Walkthrough Example

In this section, we look at fitting a SARIMA model on the USAccDeaths data set which contains the number of total accidental deaths in USA at a monthly levels. The data set has two columns, the year-month column and the deaths total. Complete code is avaialable in file time_series_python.py

  • We begin by plotting the data.
Original time series.
Original time series.
  • We notice that there is a seasonality component involved. Also, the mean of the series is not 0. Let’s start by doing a seasonal difference first.
Series with seasonal differencing (period 12)
Series with seasonal differencing (period 12)
  • There is still some trend. A simple $1^{st}$ order difference should remove this trend.
Time series after non-seasonal difference of 1
Time series after non-seasonal difference of 1
  • This is an almost stationary series. We continue the analysis by preparing the ACF and PACF.
ACF Plot
ACF Plot
PACF Plot
PACF Plot
  • From the ACF plot, there are only two peaks that are separated by a lag of 12. Hence, the non-seasonal MA is $\leq 1$ and seasonal MA $\leq 1$.

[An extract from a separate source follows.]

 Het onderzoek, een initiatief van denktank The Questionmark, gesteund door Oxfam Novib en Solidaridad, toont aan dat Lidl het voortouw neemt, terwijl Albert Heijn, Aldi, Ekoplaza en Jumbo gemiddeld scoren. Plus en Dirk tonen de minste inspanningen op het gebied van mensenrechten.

  • From the PACF plot, there are two nearby peaks at lag 1 and 2, and there is one more peak at lag 12. Hence, the non-seasonal AR is $\leq 2$ and seasonal AR $\leq 1$.

  • We chose the model $(p,d,q,P,D,Q) = (0,1,1,0,1,1)$ after checking the AIC for various combinations and following the rule of thumb that $p+d+q+P+D+Q \leq 6$..

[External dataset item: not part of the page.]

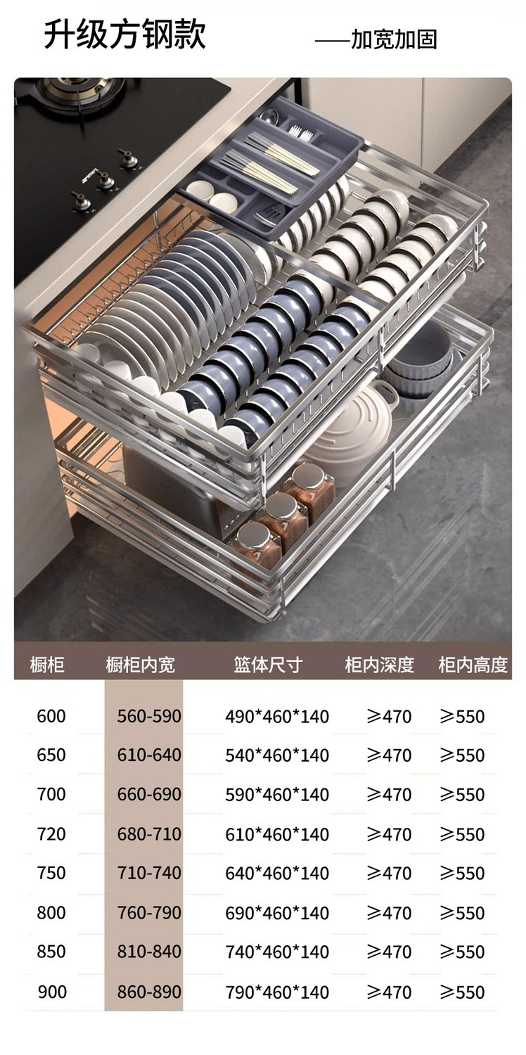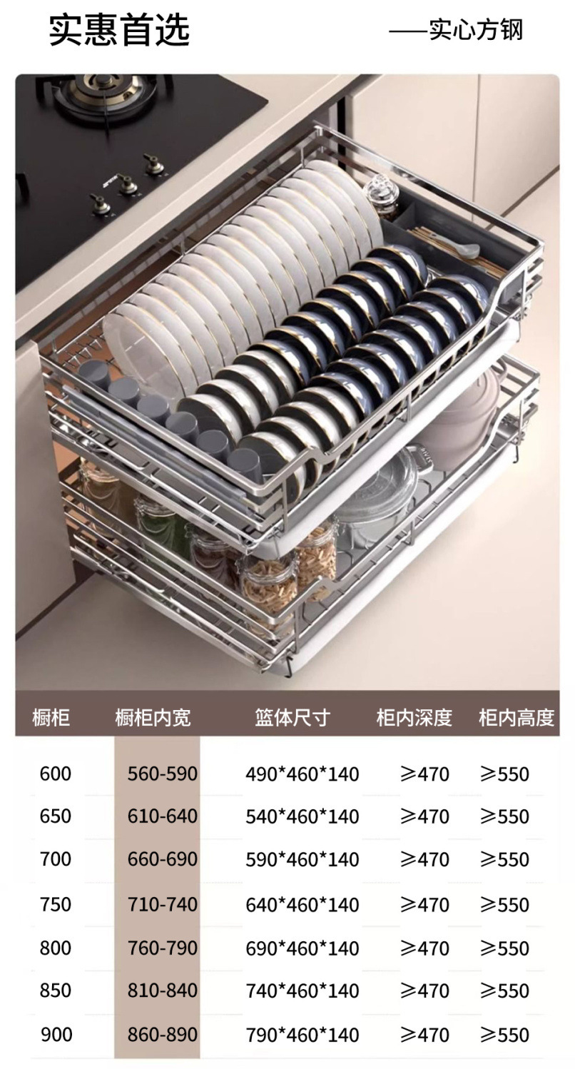 • 천연 고품질 스테인레스 스틸 - 깊이 42cm - 650 캐비닛 이중층 접시 바구니

SARIMAX(0,1,1,0,1,1)12 model summary
SARIMAX(0,1,1,0,1,1)12 model summary
  • Our model equation becomes \begin{align} (1-B)(1-B^{12})X_{t} &= (1 - 0.4303B)(1 - 0.5527B^{12})Z_{t}\newline Z_{t} &\sim \mathcal{N}(0, 99350) \end{align} and model summary is shown in previous figure.

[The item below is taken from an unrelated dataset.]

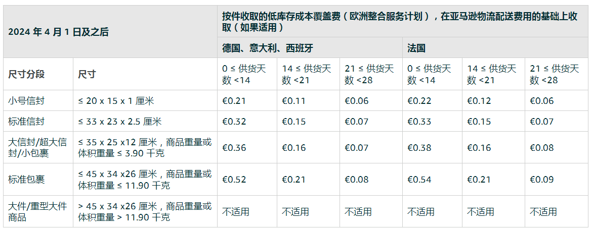 自2024年4月1日起,針對(duì)通過(guò)亞馬遜物流歐洲整合服務(wù)(Pan-EU)計(jì)劃配送的標(biāo)準(zhǔn)尺寸商品,假如德國(guó)、法國(guó)、意大利和西班牙商城的庫(kù)存商品數(shù)量相較于已發(fā)貨商品數(shù)量低過(guò)28天,亞馬遜將收取低庫(kù)存成本覆蓋費(fèi)。

  • We check the QQ plot to confirm that the residuals are indeed normally distributed. We also check for any correlations between the residuals.

QQ Plot
QQ Plot
ACF of residuals
ACF of residuals
  • Barring the noise, no such significant correlations exist. Ljung Box text on the residuals further confirms this. (High $p-values$ imply that we can accept the null hypothesis which is that the data points are independent)
Ljung-Box test, Dotted blue line is 0.05 significance level
Ljung-Box test, Dotted blue line is 0.05 significance level